Since that first feature, Burwell has scored nearly 80 films, including almost all of the Coen Brothers features as well as other films like Adaptation, A Knight’s Tale, Before Night Falls, Buffy the Vampire Slayer and Three Kings. His long relationship with the Coens, however, gives his collaborations with them a special quality. Their relationship “makes it easy for a couple of reasons,” explains Burwell. “There is a lot of trust on both sides. They know I’ll finish and get my job done, and they’ll give me the time to try out different things. And I don’t worry that they’ll overreact if I play them something radical. When you are talking about [the relationship between] music and cinema, there isn’t a completely perfect, established language, but ours is as good as it’s going to get. Another big difference when [working with the Coens] is that we don’t worry about the opinions of other people. It’s rare that we sit around and think, what will the producer or the audience think of this? We are mostly trying to make a movie that we think is good and that will entertain us. And then, of course, we hope that other people will think it’s good too.”

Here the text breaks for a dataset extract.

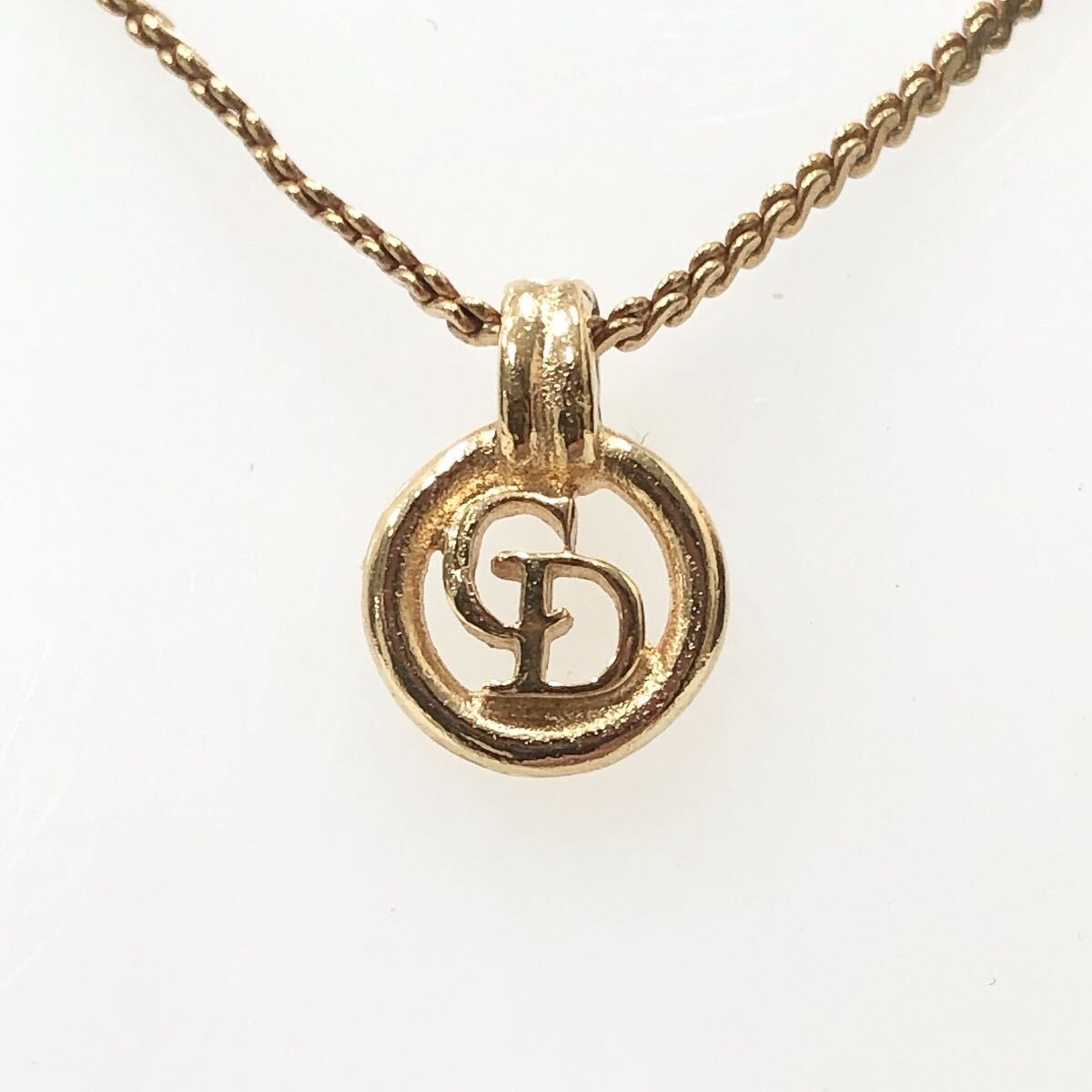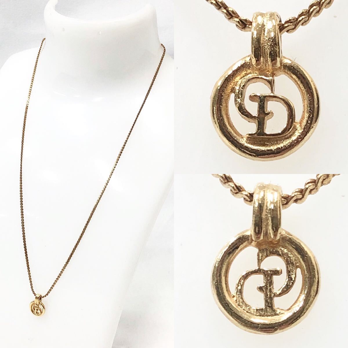 R尼1106 正規品 Christian Dior ディオール CDロゴ ロゴサークル ゴールドカラー トップ:1.3×0.9cm チェーン全長約44.5cm 3.5g

That shared familiarity and boldness leads to things like Burwell giving the Coens those massive taiko drum tracks, which suddenly “set the tone for the whole score.” It also leads to things like the equally startling decision in the Coens’ previous film, the Oscar-winning No Country for Old Men, to include virtually no score music at all. Unless your ear is inhumanly attuned, you were probably scratching your head at that “Original Music by Carter Burwell” credit on the film’s main credits. Explaining how he arrived at a score that is more minimal than might seem possible, Burwell says, “My first thoughts about the music was that maybe it could say something about the landscape. I didn’t think it should say anything about the characters or the story. But whenever I put a musical instrument in, it took the edge off. You were aware that you were in a movie. That’s one thing a score does – even a disturbing score lends comfort to the audience. So what we wound up with were sustaining tones that are pretty much subliminal and that come in six times [during the film].”

This talk of pounding taikos and sustaining tones belies the fact that in addition to being unusual and inventively scored, Burwell’s music is known for being warm, sad, joyful, big-hearted and tragic – often all in the same film. The main theme from Fargo, for example, is a beautiful chamber elegy that embodies that film’s original form of American tragicomedy. And when it comes to describing other elements of his score for Burn After Reading, which is full of beautiful string music with jazzy accents, Burwell likens it to that earlier film, which also starred Frances McDormand. “It’s a little bit related to Fargo in that the music takes itself very seriously even when silly things are happening on screen,” he says. “When it comes to Fran’s character, we went through several themes, and we ended up with one that is sympathetic to her. It plays her as a person with psychology whereas the other characters [are treated] as pawns in a geopolitical game. I did try other things for them – themes that were more ‘human’ – but Joel and Ethan didn’t like them.”